Anonymization

AI/ML training corpus prep

Build a de-identified training corpus for AI/ML model development.

Problem

You are building a training dataset for an AI/ML model. The DICOM files must be de-identified and optionally converted to a non-DICOM format (e.g. NIfTI) for ingestion into your ML pipeline. Consistent anonymization across thousands of files is critical.

Steps

Open a DICOM file — click Open files… (⌘O) to load a representative sample.
Switch to Anonymization mode — click the Anon tab (⌘2).
Configure anonymization — select a profile that matches your institutional IRB requirements. For ML datasets, the Limited Dataset profile is often appropriate (dates retained, PHI removed).
Apply — click Apply & Export to generate a de-identified copy.
Convert to ML format — use the Export menu to convert the series to NIfTI-1 (.nii.gz).
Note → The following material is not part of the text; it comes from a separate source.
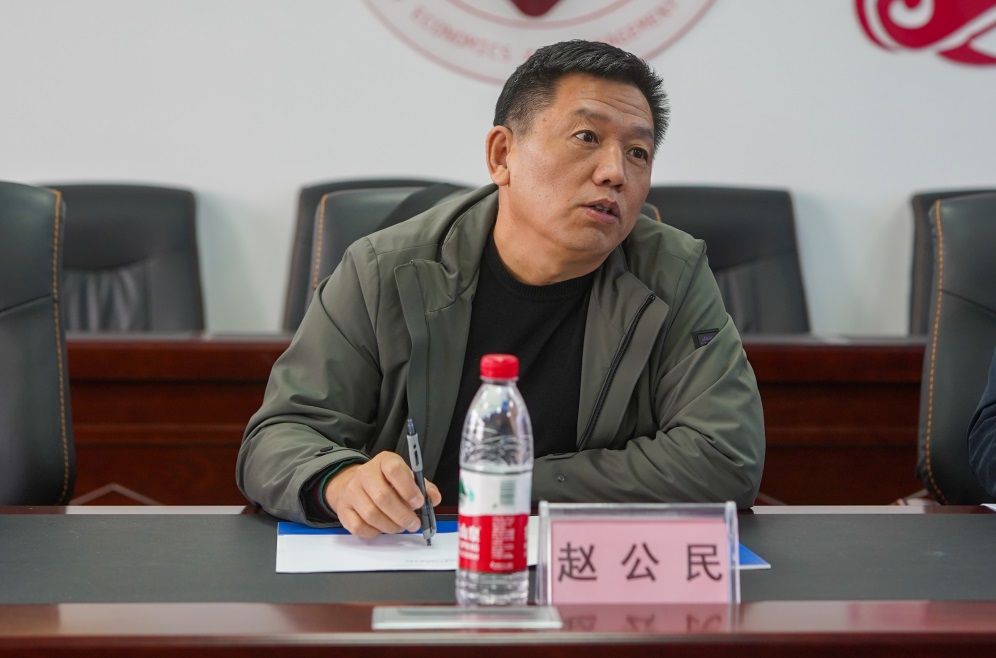 武建龙院长首先代表学院对赵公民院长一行的到访表示热烈欢迎,并从学科专业建设、师资队伍及人才培养几个方面介绍了学院的建设成效和经验。他指出在师资队伍建设方面,学院组建了专业团队深入目标高校博士生群体宣讲对接,注重青年教师培养成长,对标学科建设高水平成果产出,打造学院高水平培育项目,优化绩效工资分配方案,双管齐下激发教师活力;在人才培养方面,推进“博士牵引,以本为本”的本硕博一体化人才培养体系,全面实施全日制博士招生,打通职称评聘、导师遴选、绩效分配、业绩考核、人才培养、奖助评定的高水平成果认定标准,突出博士研究生“标志性”成果,硕士研究生“多样性”成果的毕业要求,全面实现高质量人才培养目标。
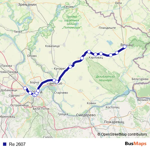 The first stop of the Re 2607 rail route is Zemun and the last stop is Vršac. Re 2607 is operational during svakodnevno.

Verify the output preserves spatial geometry (affine matrix) and volume dimensions.
Batch processing — for large corpora, use the watch-folder or CLI automation features to process thousands of files consistently.

Expected Result

De-identified DICOM files with consistent anonymization across the corpus.
NIfTI-1 output preserves spatial orientation (affine matrix is non-zero).
Volume dimensions (X, Y, Z) match the original DICOM series.
Pixel data integrity is maintained through the de-identification and conversion pipeline.